Requirement → Reproduce exactly the lines of this material that begin at the line with "Le Dark Trail" and end at the line with "Nothing like a", both included. Omit the pictures and everything else.

Records →
────────────────────────────────────────
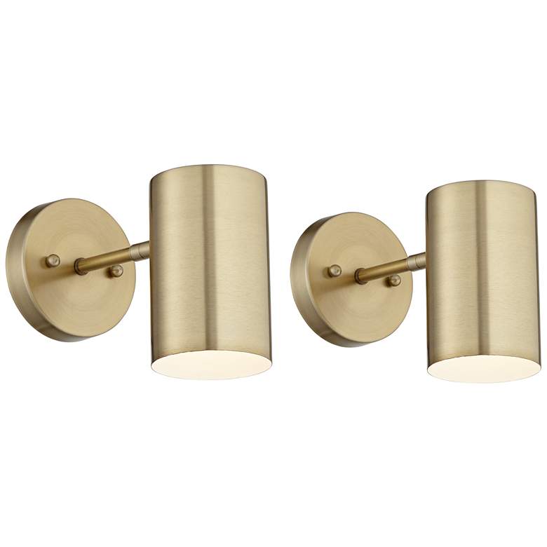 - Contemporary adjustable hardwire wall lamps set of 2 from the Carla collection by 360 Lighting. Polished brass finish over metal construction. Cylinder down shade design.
────────────────────────────────────────
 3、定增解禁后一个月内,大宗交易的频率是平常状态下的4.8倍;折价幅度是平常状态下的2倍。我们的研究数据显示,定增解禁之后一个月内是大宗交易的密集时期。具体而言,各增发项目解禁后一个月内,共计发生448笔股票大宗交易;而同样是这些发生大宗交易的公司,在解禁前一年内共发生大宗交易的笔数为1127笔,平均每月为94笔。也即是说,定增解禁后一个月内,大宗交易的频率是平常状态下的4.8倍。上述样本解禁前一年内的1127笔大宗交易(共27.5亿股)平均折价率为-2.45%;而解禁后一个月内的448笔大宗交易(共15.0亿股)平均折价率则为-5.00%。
────────────────────────────────────────
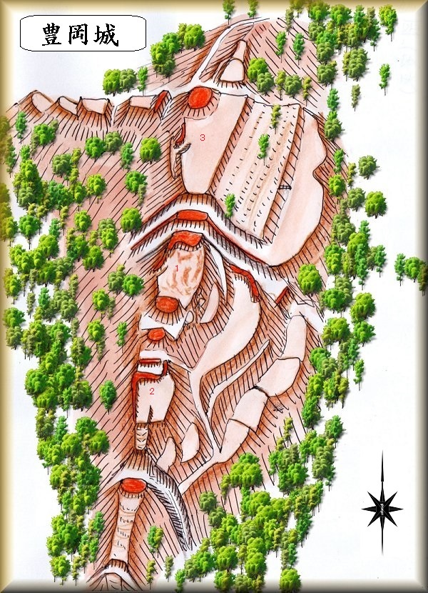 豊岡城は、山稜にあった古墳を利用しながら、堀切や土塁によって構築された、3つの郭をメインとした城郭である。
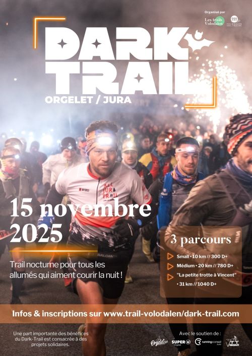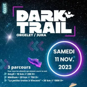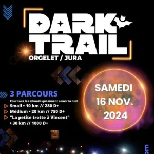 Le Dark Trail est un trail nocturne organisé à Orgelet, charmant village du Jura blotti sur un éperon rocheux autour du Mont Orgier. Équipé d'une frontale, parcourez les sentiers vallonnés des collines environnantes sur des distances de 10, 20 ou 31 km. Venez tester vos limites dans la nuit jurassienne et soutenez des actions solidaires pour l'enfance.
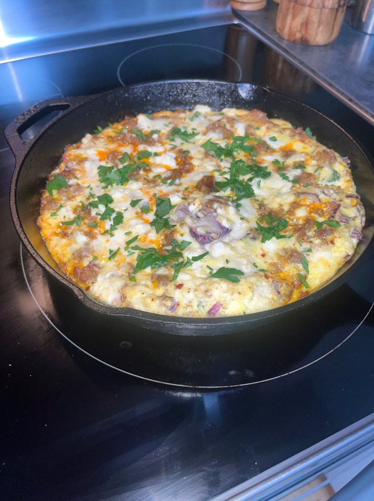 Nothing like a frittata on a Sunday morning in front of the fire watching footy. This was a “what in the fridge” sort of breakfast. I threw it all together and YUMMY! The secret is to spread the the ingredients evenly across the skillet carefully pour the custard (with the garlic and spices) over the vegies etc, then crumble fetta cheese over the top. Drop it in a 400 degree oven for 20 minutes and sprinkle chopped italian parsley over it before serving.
────────────────────────────────────────
Task result →
 Le Dark Trail est un trail nocturne organisé à Orgelet, charmant village du Jura blotti sur un éperon rocheux autour du Mont Orgier. Équipé d'une frontale, parcourez les sentiers vallonnés des collines environnantes sur des distances de 10, 20 ou 31 km. Venez tester vos limites dans la nuit jurassienne et soutenez des actions solidaires pour l'enfance.
 Nothing like a frittata on a Sunday morning in front of the fire watching footy. This was a “what in the fridge” sort of breakfast. I threw it all together and YUMMY! The secret is to spread the the ingredients evenly across the skillet carefully pour the custard (with the garlic and spices) over the vegies etc, then crumble fetta cheese over the top. Drop it in a 400 degree oven for 20 minutes and sprinkle chopped italian parsley over it before serving.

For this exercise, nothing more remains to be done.